(Data items)
§ §

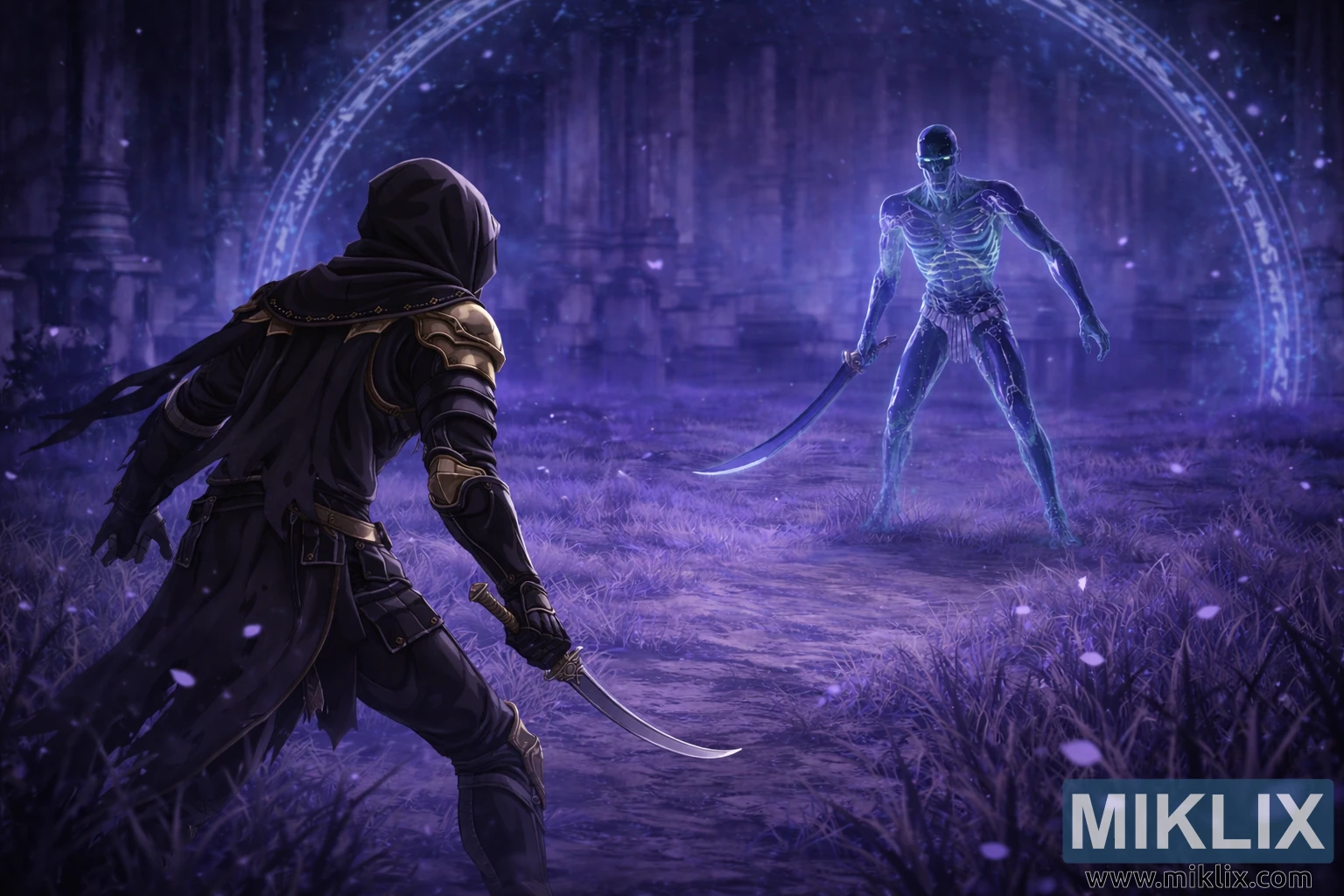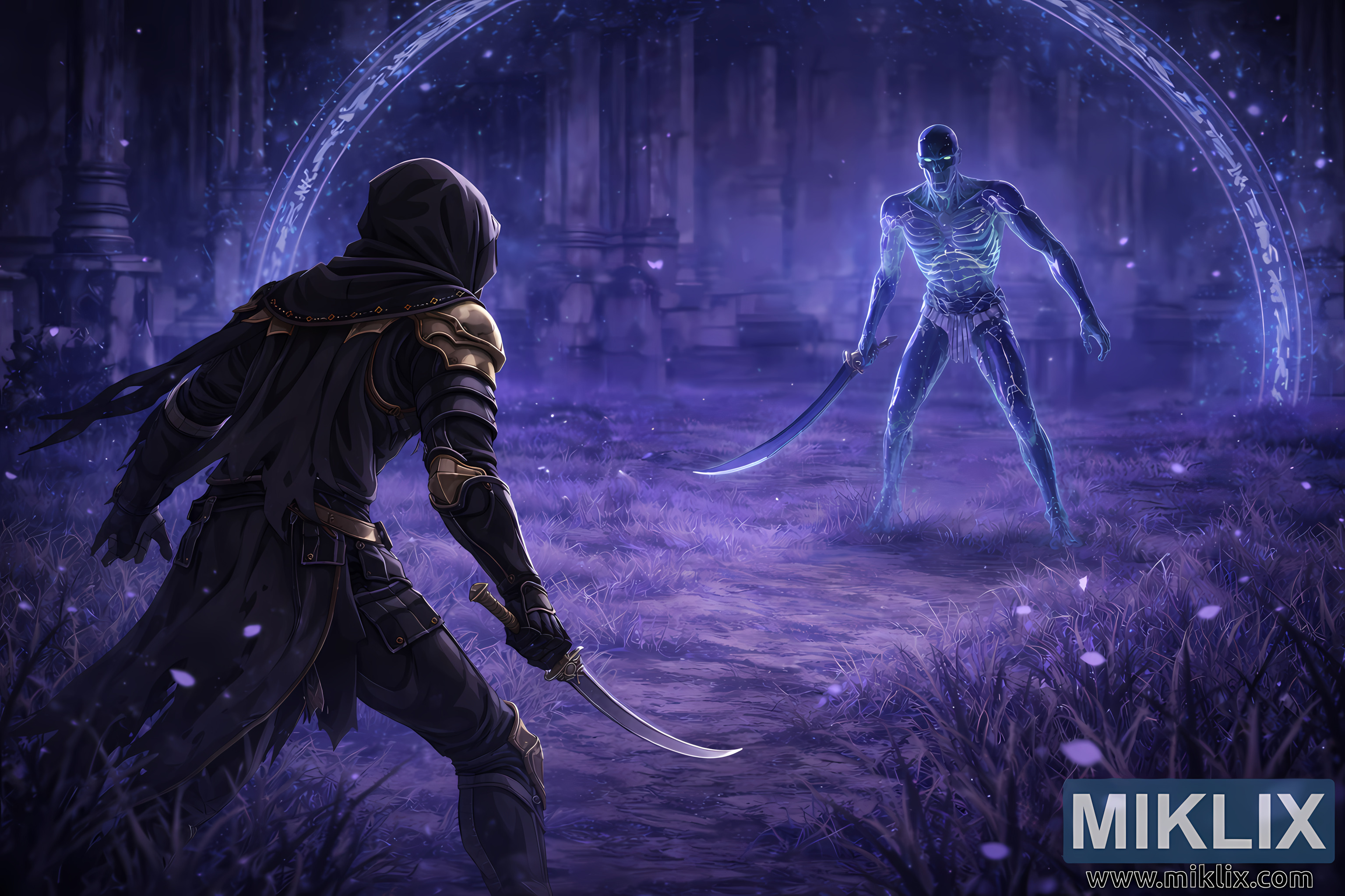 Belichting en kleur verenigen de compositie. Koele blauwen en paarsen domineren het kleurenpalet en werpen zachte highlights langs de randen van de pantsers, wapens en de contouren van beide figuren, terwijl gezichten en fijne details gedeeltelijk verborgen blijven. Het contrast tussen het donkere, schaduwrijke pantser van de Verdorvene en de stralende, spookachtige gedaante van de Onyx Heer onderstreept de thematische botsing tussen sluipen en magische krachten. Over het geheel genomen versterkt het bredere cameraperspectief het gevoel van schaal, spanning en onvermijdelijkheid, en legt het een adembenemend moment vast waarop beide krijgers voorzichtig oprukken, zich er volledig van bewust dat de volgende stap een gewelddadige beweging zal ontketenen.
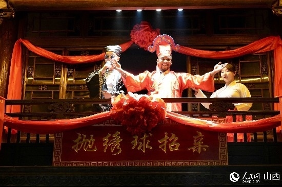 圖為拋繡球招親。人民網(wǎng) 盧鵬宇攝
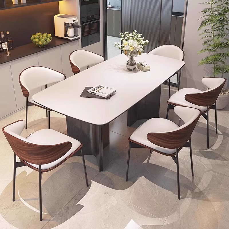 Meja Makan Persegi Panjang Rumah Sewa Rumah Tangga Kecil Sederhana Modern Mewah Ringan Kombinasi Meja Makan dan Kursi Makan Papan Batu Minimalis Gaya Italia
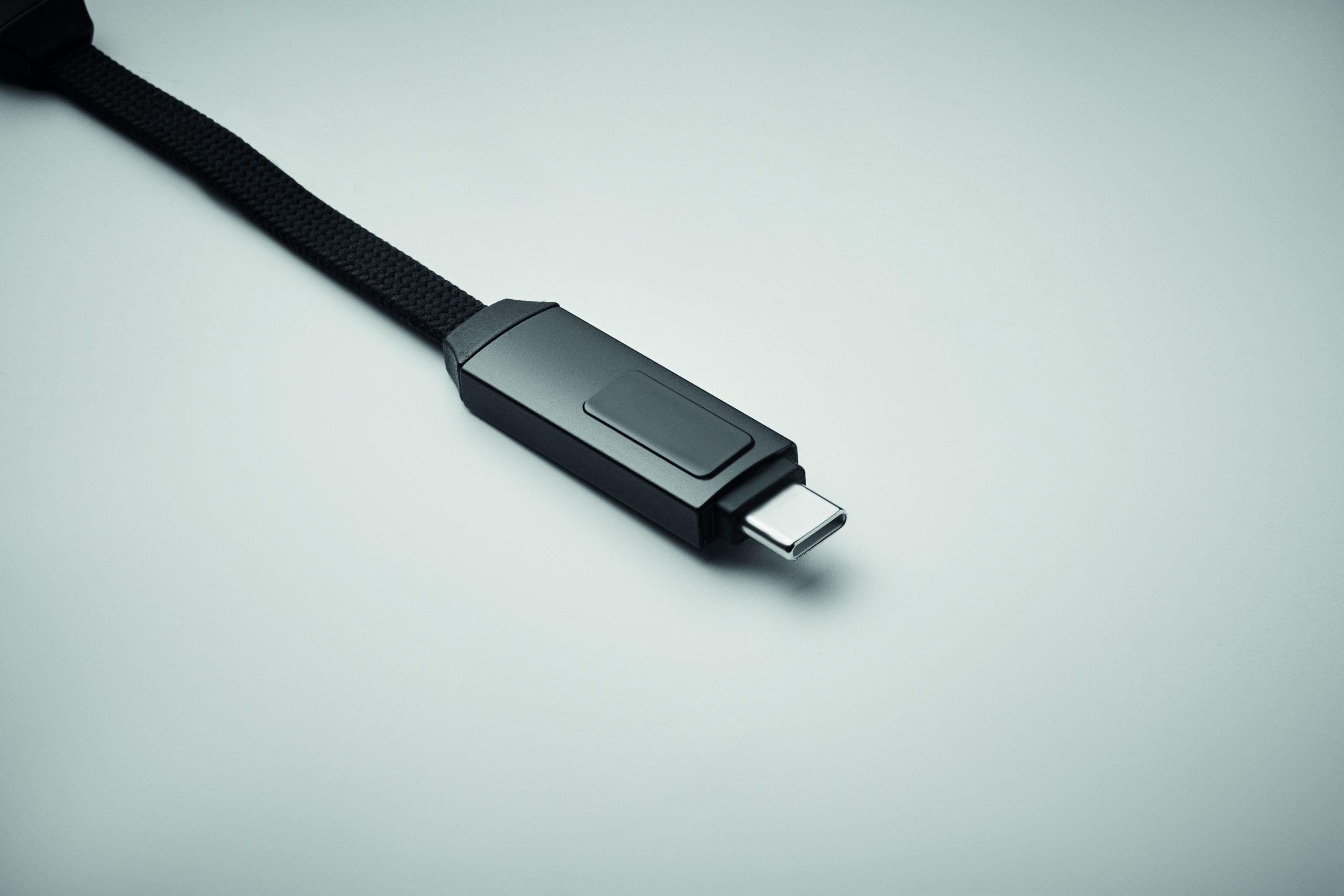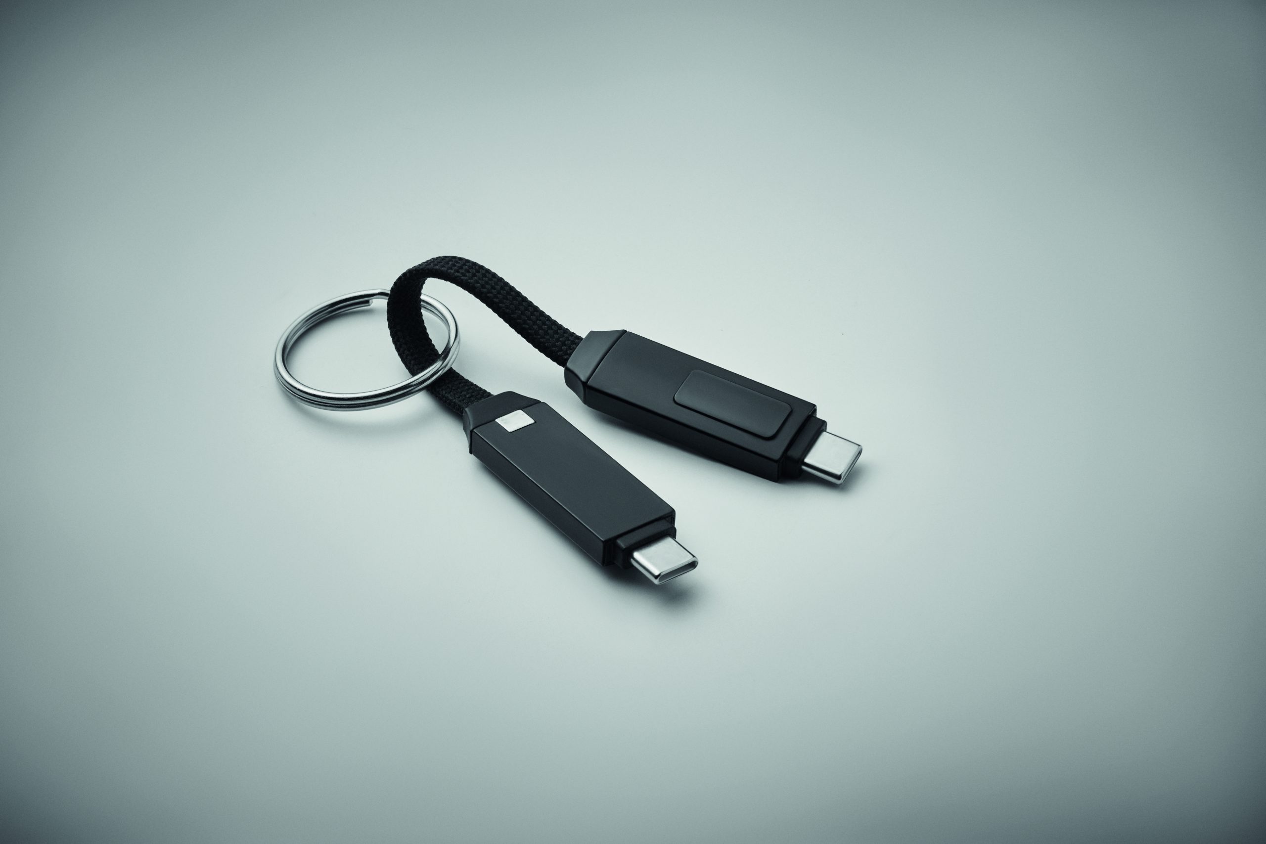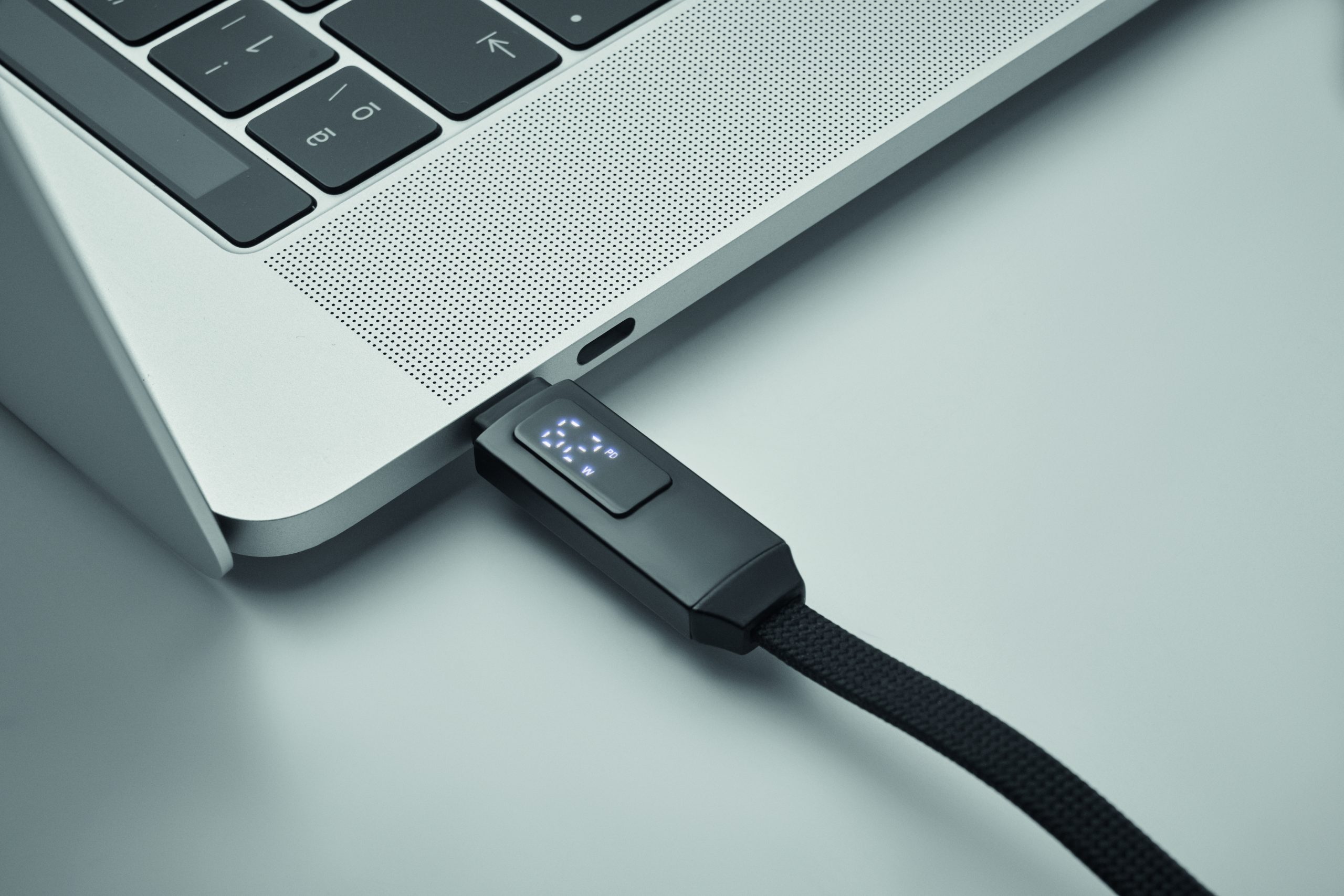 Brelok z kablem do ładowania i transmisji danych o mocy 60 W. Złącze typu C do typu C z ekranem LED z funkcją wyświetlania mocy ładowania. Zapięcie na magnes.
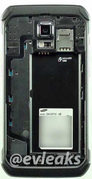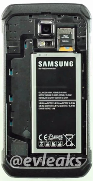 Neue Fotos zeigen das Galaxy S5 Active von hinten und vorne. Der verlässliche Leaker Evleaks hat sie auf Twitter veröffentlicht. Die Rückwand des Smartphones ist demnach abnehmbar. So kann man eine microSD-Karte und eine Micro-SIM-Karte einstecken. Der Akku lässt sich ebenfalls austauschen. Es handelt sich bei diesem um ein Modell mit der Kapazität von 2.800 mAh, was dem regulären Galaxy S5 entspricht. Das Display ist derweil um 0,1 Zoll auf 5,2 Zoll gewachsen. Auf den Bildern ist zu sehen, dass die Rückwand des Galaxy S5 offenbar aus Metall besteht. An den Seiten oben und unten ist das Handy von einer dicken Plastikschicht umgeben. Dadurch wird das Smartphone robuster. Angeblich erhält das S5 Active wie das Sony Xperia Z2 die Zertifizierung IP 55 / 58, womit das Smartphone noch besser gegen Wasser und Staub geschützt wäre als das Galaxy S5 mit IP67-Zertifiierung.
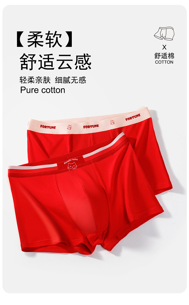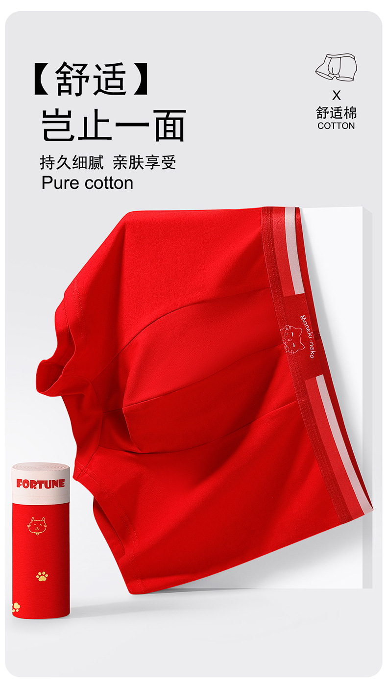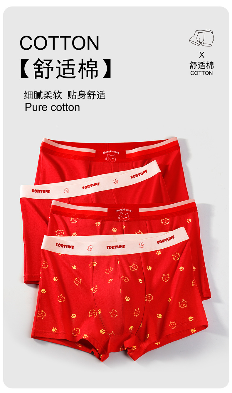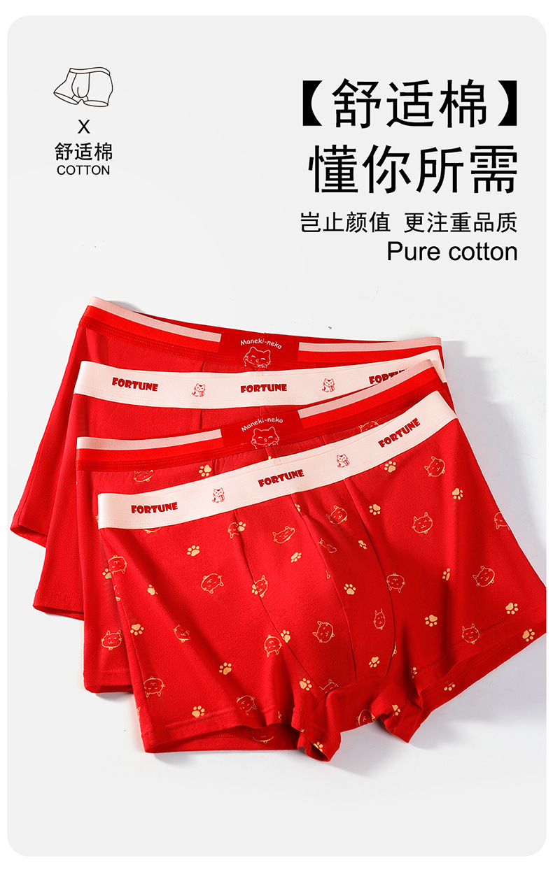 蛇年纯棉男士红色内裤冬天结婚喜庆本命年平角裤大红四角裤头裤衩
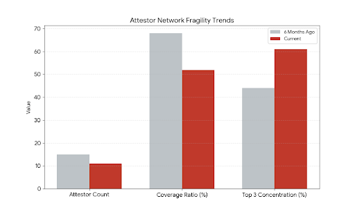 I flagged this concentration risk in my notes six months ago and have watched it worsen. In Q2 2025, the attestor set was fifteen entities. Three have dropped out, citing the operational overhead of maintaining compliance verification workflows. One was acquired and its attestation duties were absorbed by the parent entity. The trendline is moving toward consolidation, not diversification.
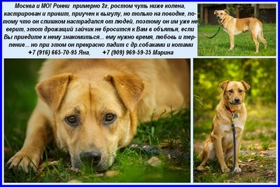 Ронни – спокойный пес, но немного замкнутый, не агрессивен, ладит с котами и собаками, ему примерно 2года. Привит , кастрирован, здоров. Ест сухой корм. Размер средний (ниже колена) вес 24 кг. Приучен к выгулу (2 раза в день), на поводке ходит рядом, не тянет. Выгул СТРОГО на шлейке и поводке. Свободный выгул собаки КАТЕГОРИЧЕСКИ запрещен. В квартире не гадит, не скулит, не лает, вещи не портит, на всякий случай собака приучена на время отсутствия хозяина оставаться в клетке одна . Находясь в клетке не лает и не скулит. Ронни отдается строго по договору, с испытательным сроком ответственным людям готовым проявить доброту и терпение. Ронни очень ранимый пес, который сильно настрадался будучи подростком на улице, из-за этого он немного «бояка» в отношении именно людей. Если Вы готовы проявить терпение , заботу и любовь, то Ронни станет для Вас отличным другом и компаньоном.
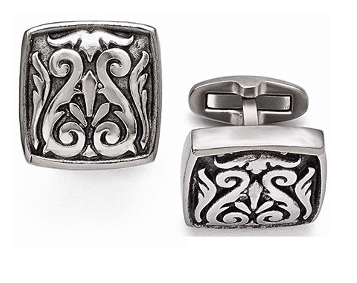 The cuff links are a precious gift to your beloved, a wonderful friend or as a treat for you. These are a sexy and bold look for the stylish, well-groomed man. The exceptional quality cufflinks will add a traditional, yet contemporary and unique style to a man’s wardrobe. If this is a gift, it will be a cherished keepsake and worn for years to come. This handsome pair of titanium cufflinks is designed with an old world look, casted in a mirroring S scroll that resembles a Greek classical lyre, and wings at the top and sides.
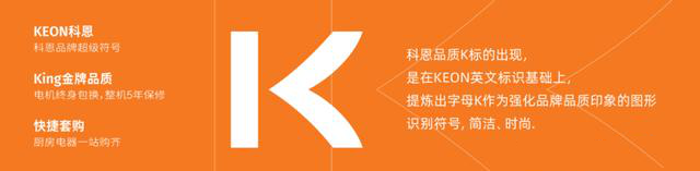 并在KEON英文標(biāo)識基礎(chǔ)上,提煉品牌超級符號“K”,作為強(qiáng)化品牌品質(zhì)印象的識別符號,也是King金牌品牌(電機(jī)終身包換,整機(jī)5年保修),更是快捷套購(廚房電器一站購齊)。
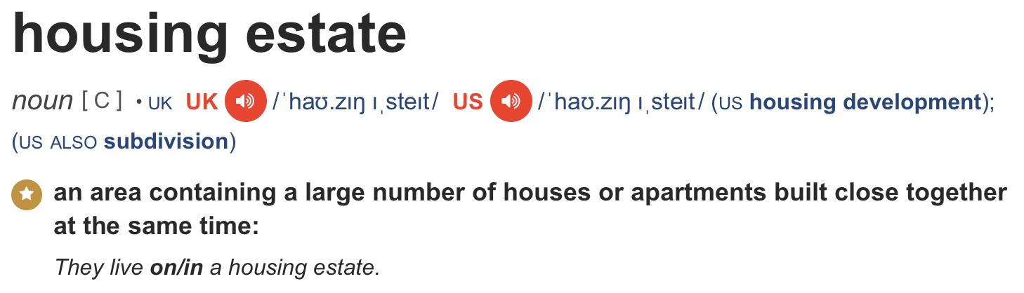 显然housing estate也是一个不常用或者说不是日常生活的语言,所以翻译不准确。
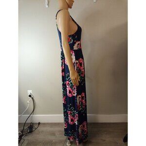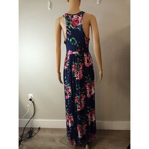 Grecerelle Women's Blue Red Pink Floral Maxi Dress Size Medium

§ §

- [What you will do]
Exactly as they appear, repeat the lines from the one containing "显然housing esta" through the last line of the entries, counting both ends. Pictures stay out.

- [Result]
 显然housing estate也是一个不常用或者说不是日常生活的语言,所以翻译不准确。
 Grecerelle Women's Blue Red Pink Floral Maxi Dress Size Medium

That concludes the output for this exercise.